- [What is needed]: Find the lines below that contain the string "print". Copy each one.

Given data: Begin

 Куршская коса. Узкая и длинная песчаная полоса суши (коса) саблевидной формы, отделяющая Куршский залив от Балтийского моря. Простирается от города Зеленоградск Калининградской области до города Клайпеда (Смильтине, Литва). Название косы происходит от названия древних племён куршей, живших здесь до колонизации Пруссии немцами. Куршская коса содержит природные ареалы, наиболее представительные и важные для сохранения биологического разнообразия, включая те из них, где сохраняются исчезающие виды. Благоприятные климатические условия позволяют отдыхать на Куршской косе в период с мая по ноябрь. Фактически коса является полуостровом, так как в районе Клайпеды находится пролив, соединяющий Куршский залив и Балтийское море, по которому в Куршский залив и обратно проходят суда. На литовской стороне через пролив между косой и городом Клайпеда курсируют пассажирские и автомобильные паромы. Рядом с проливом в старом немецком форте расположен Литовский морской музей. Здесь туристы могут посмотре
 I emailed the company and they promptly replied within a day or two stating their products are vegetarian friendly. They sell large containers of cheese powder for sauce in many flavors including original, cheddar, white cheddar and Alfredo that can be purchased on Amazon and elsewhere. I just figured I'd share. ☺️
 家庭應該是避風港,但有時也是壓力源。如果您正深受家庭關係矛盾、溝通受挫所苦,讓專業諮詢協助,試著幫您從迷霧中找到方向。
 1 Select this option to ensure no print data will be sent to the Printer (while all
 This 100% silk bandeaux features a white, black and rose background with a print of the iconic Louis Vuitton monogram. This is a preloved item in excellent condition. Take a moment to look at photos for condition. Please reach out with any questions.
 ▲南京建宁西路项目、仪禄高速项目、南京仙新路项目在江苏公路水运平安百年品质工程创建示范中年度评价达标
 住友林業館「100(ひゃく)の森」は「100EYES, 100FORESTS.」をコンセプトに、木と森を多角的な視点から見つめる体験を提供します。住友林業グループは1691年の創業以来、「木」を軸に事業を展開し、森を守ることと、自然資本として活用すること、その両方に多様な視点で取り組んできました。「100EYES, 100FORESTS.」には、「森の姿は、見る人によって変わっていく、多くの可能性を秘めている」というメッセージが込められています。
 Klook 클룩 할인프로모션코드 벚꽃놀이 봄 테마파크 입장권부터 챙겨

Given data: End

- [Expected answer]:
 1 Select this option to ensure no print data will be sent to the Printer (while all
 This 100% silk bandeaux features a white, black and rose background with a print of the iconic Louis Vuitton monogram. This is a preloved item in excellent condition. Take a moment to look at photos for condition. Please reach out with any questions.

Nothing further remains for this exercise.